This week, Dr. Roy Cordato wrote a research brief for the John Locke Foundation on the Federal Reserve. In it, Dr. Cordato explains the Federal Reserve plays a central role in the economy – namely setting the Federal Funds rate and the discount rate. Cordato explains:

[T]he Federal Funds Rate (the rate at which banks can lend to each other) or the discount rate (the rate at which banks can borrow from the Fed) that have a powerful influence on most other interest rates and certainly move those interest rates in one direction or another. 

Dr. Cordato argues that the Federal Reserve’s setting and changing of these rates constitutes a kind of price manipulation that distorts the market. He explains:

Depending on the nature of price manipulation, they can cause shortages and surpluses.  Rent control can cause blighted housing.  And in the labor markets, minimum wage laws cause unemployment. Centralized price manipulation will necessarily shift investments and production decisions from areas that are most consistent with consumer desires to areas that the market would not support otherwise.

Allowing the laws of supply and demand to set interest rates, rather than the Fed, Cordato argues would be more efficient:

Freely determined interest rates perform an important role in coordinating people’s plans. When people are saving more, it means that they want to purchase more goods and services in the relatively distant future. This increased savings reduces interest rates, which makes borrowing on the part of entrepreneurs and businesses cheaper. What this means is that it makes longer-term investments, that is, investments that will produce goods and services further into the future more profitable and more future goods will be produced. The interest rate is performing the important function of coordinating the preferences of consumers with the plans of producers through time. It is part of the marvel of how free markets work and create orderly production decisions that are consistent with people’s preferences.
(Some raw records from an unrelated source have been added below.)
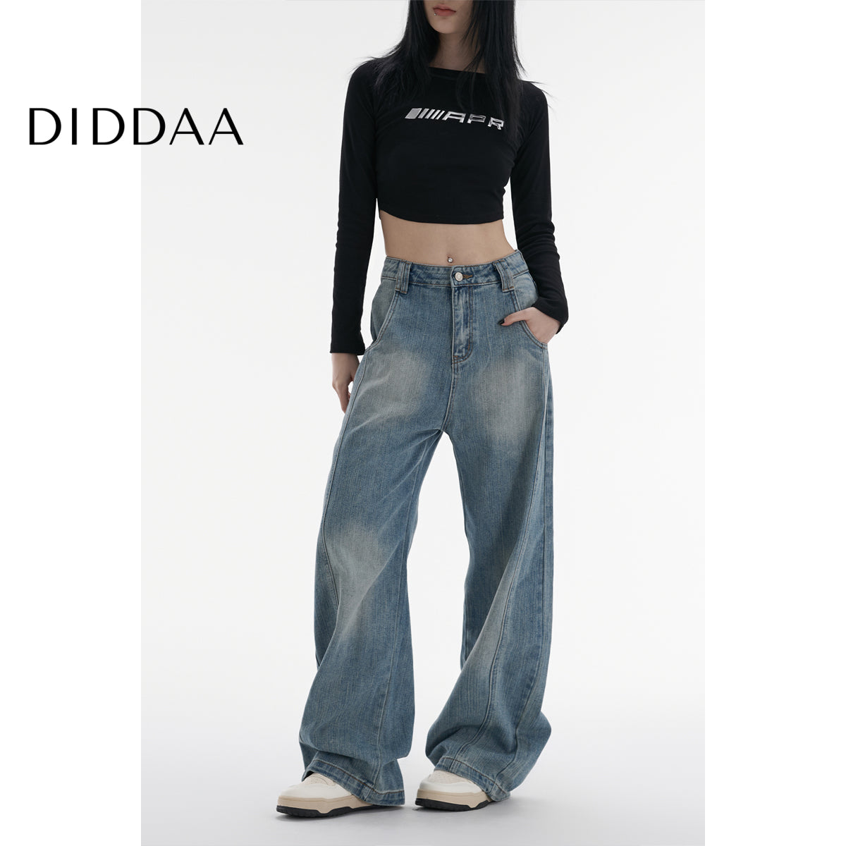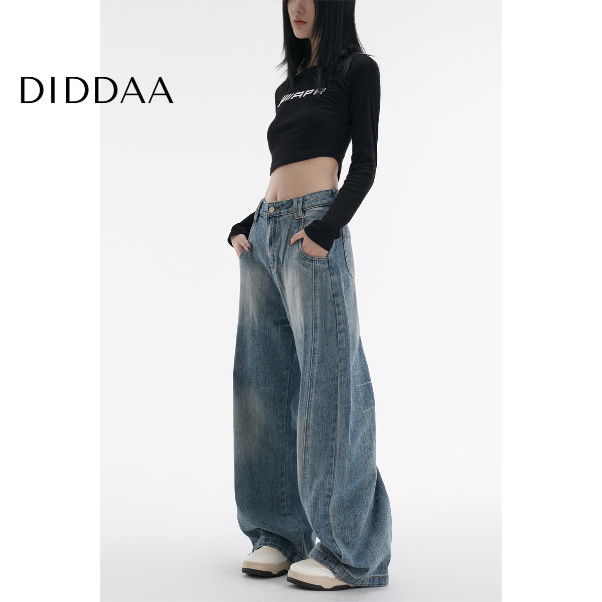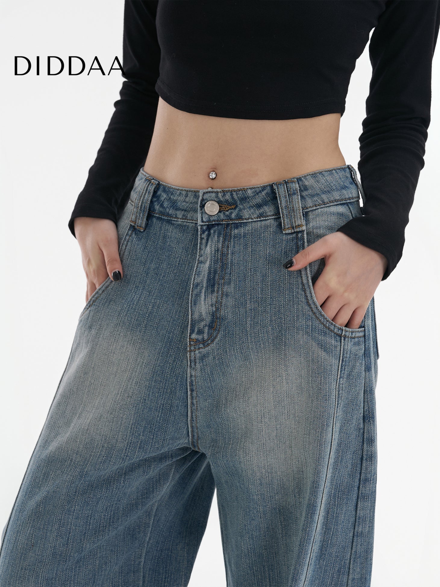 Washed Blue Loose Machete Wide-Leg Jeans for Women
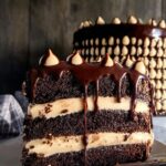 - Layer and repeat: Repeat assembly for all cake layers, alternating the salted caramel sauce and dark chocolate ganache between layers.
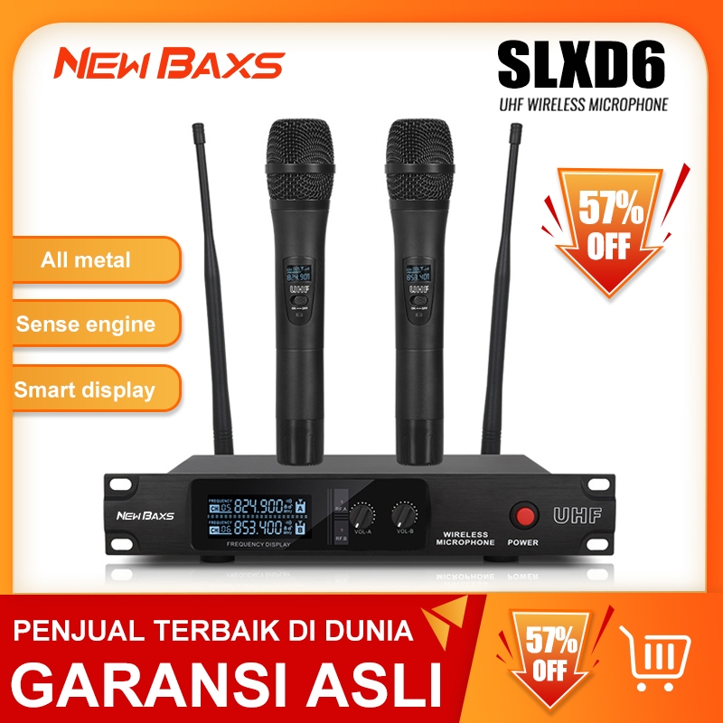 FLASH SALE NEW BAXS MIKROFON NIRKABEL SLXD6 2MIKROFON GENGGAM UHF FM JARAKPENERIMAAN 80M PERALATAN AUDIO PROFESIONAL
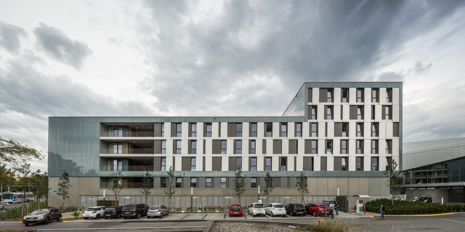 The student accommodation building stands to the east of the large square and extends southwards to the metro station. The shops and restaurants are housed in a covered gallery, above which are the hotel and student accommodation. The building, whose scale is softened by a series of articulations and variations in the height of the different volumes, is arranged around two courtyards.
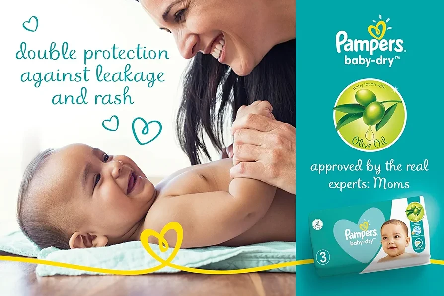 تقنية الامتصاص الفائقة: تحتوي حفاضات بامبرز بيبي دراي على طبقات امتصاص متعددة تضمن بقاء بشرة طفلك جافة طوال اليوم.
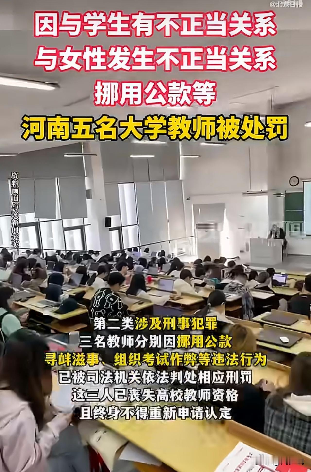 “属实罕见!”近日,河南省教育厅一纸处罚通告引发热议:5名高校教师因严重问题被撤销或丧失教师资格,其中2人涉“与学生不正当关系”等师德失范行为,3人因挪用公款、组织考试作弊等刑事犯罪获刑,终身不得再任教。 此事曝光后,不少网友纷纷怒评:“教师是灵魂工程师,师德失守就是毁学生未来,就该零容忍!” 看完这事,周少也被震惊到了,属实罕见。教育的核心是立德树人,师德师风更是教师队伍的第一标准。这些高校教师失守底线,既辜负“师者”称谓,也给学生造成难以磨灭的伤害。 此次河南教育厅的严厉处罚,彰显了对师德失范、违法失德行为“零容忍”的态度。这事也给所有教师提醒,讲台之上容不得私心杂念,法律与师德的红线绝不能碰。总之,务必守住为人师表的底线。#寻美三湘# #长沙新朋友#
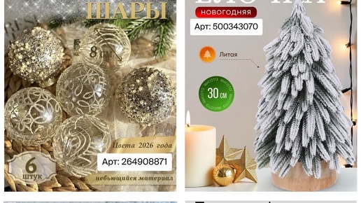 Новый год — это время, когда дом превращается в пространство света, добра и особенной теплоты. Именно детали делают атмосферу по-настоящему праздничной: мерцание гирлянд, сияние стеклянных шаров, мягкое свечное свечение, декоративные ёлочки, аромат хвои и уют. В этой подборке — лучшие сезонные находки с WB, показанные на ваших фото. Каждую рассмотрим внимательно: разберём особенности, настроение, материалы и лучшие сочетания. Артикул: 264908871 Светящиеся, мерцающие, многогранные — этот набор шаров создан для тех, кто ценит элегантность...
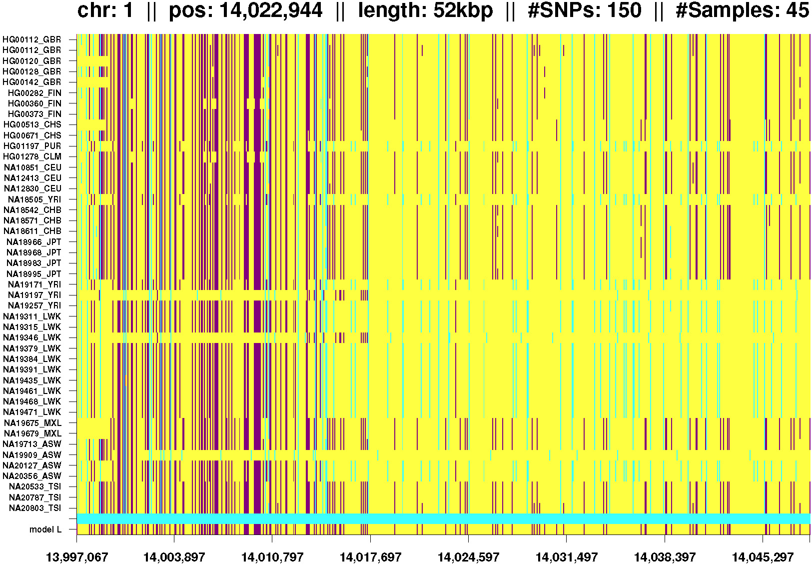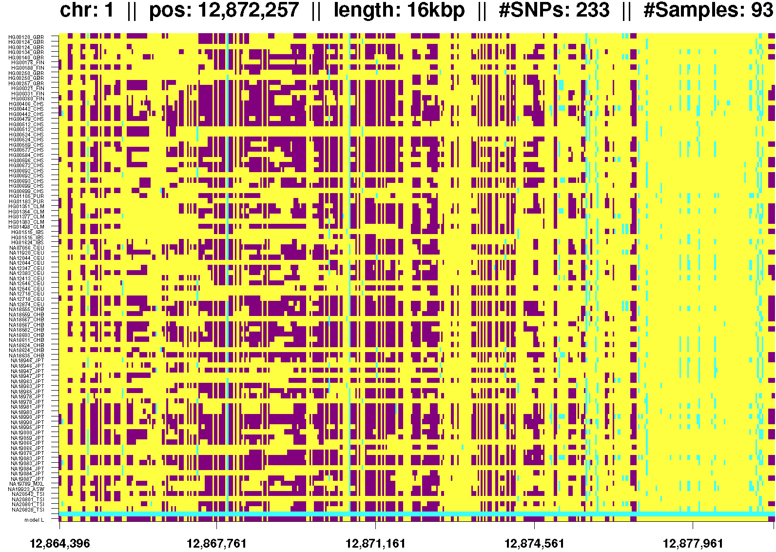 Figures 1-6: Examples of IBD segments that were extracted from chromosome 1 of the 1000 Genomes Project. For these phased genotype data, phasing errors can be seen (yellow lines from the left hand side). Click on any of these thumbnails to view full-size images.

No matter how informed the Federal Reserve is, it cannot possibly know the future (or even the present) demands in every citizen’s head. For this reason, Cordato suggests the Fed cannot set the price of borrowing money any better than it can set the price for cereal. Cordato writes:

If the Fed could know the right price for loanable funds, then there is no reason to think that they couldn’t also know the correct price for shoes, computers, or food. It is the fact that neither the Fed nor any other central authority can know the right price for any of these products, interest rates included, which makes efficient socialist central planning impossible.